Among the lines below, the one containing "Ceramic bead and" opens the range and the one containing "Adventure Web had" closes it. Print that range exactly, without the pictures.

» RECORDS FOR PROCESSING:
+++++
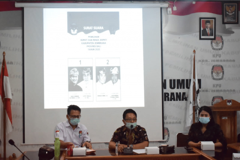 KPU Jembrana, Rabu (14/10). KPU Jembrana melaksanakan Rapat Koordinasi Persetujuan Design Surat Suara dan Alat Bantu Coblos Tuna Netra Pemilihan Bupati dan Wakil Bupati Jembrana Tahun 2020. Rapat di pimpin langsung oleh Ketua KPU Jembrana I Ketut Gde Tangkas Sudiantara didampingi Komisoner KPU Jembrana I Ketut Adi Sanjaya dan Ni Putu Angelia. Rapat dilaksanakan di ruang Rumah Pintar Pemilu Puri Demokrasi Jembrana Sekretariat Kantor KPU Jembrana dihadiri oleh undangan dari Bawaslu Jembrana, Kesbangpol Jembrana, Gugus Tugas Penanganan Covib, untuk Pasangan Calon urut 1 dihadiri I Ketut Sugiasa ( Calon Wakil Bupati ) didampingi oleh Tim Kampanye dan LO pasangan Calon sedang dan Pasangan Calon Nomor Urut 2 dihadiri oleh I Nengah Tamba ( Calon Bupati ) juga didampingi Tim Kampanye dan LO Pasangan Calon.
+++++
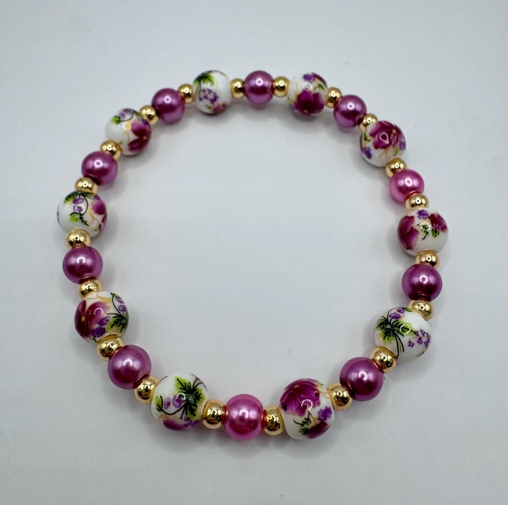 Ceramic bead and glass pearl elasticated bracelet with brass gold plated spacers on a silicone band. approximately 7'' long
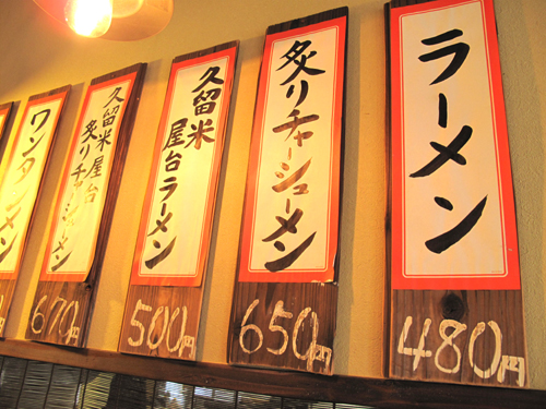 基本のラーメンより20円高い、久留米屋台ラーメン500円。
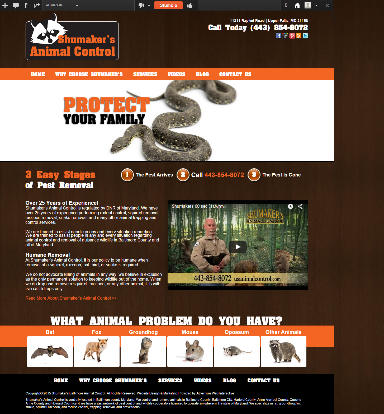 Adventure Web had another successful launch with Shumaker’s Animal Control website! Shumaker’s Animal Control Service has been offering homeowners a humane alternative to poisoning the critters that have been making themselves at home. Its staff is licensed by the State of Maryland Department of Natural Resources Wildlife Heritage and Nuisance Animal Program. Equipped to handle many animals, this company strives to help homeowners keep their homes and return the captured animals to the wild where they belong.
+++++
» OUTPUT OF THE EXERCISE:
 Ceramic bead and glass pearl elasticated bracelet with brass gold plated spacers on a silicone band. approximately 7'' long
 基本のラーメンより20円高い、久留米屋台ラーメン500円。
 Adventure Web had another successful launch with Shumaker’s Animal Control website! Shumaker’s Animal Control Service has been offering homeowners a humane alternative to poisoning the critters that have been making themselves at home. Its staff is licensed by the State of Maryland Department of Natural Resources Wildlife Heritage and Nuisance Animal Program. Equipped to handle many animals, this company strives to help homeowners keep their homes and return the captured animals to the wild where they belong.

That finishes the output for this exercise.